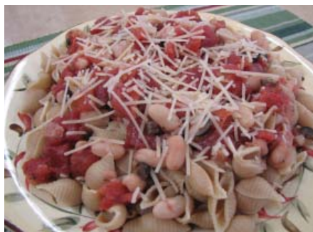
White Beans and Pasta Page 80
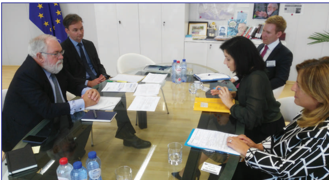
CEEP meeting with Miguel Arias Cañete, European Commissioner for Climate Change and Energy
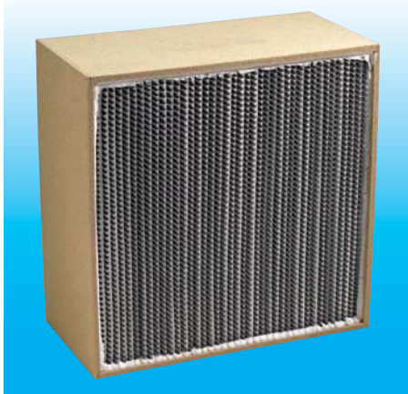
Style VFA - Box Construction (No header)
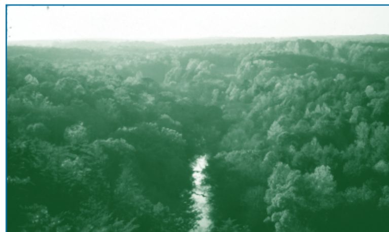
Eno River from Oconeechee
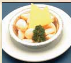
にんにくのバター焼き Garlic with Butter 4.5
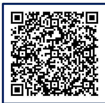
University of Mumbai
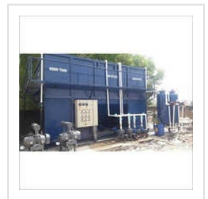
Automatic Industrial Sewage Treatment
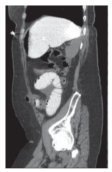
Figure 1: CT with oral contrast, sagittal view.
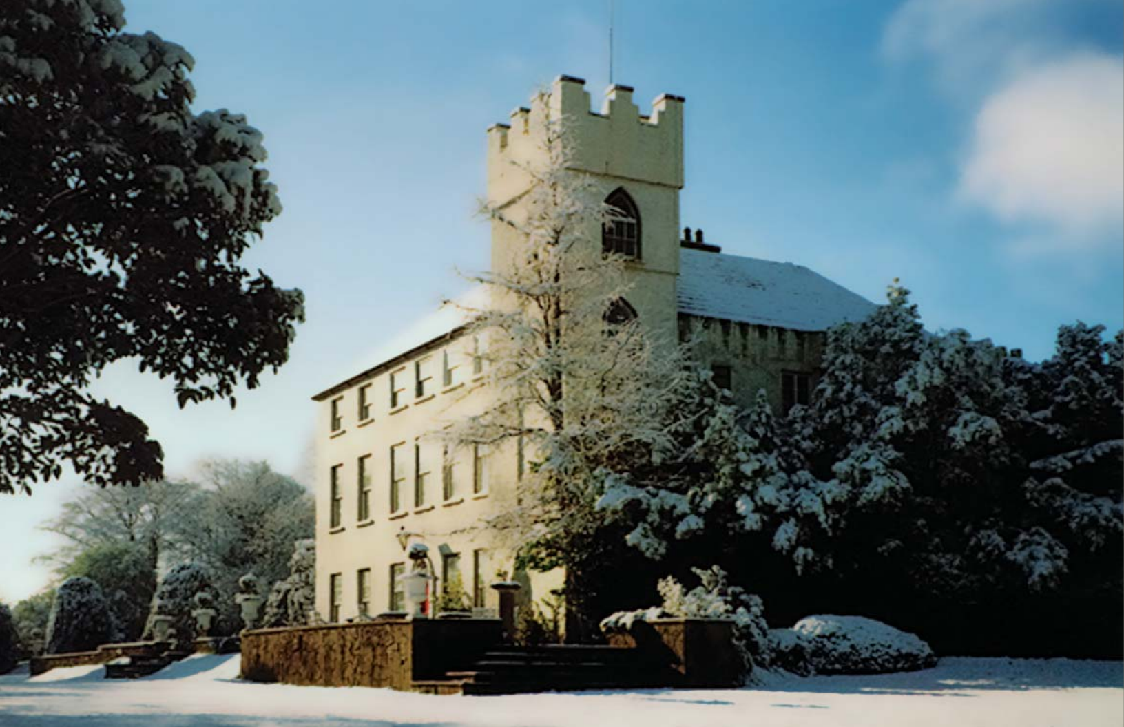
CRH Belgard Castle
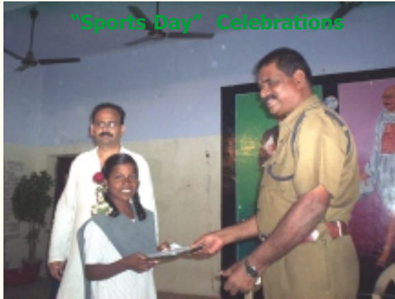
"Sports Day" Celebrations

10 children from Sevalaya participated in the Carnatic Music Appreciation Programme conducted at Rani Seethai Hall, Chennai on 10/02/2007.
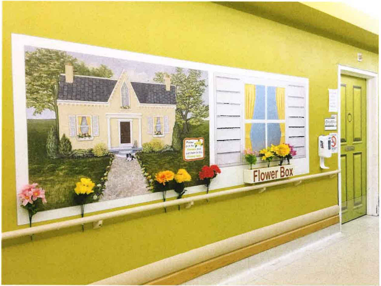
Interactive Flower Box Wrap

------------------------------------------------------------------------

### Task objective
Return the entries above exactly as they appear. Pictures should not be copied.

### Task output
White Beans and Pasta Page 80
CEEP meeting with Miguel Arias Cañete, European Commissioner for Climate Change and Energy
Style VFA - Box Construction (No header)
Eno River from Oconeechee
にんにくのバター焼き Garlic with Butter 4.5
University of Mumbai
Automatic Industrial Sewage Treatment
Figure 1: CT with oral contrast, sagittal view.
CRH Belgard Castle
"Sports Day" Celebrations

10 children from Sevalaya participated in the Carnatic Music Appreciation Programme conducted at Rani Seethai Hall, Chennai on 10/02/2007.
Interactive Flower Box Wrap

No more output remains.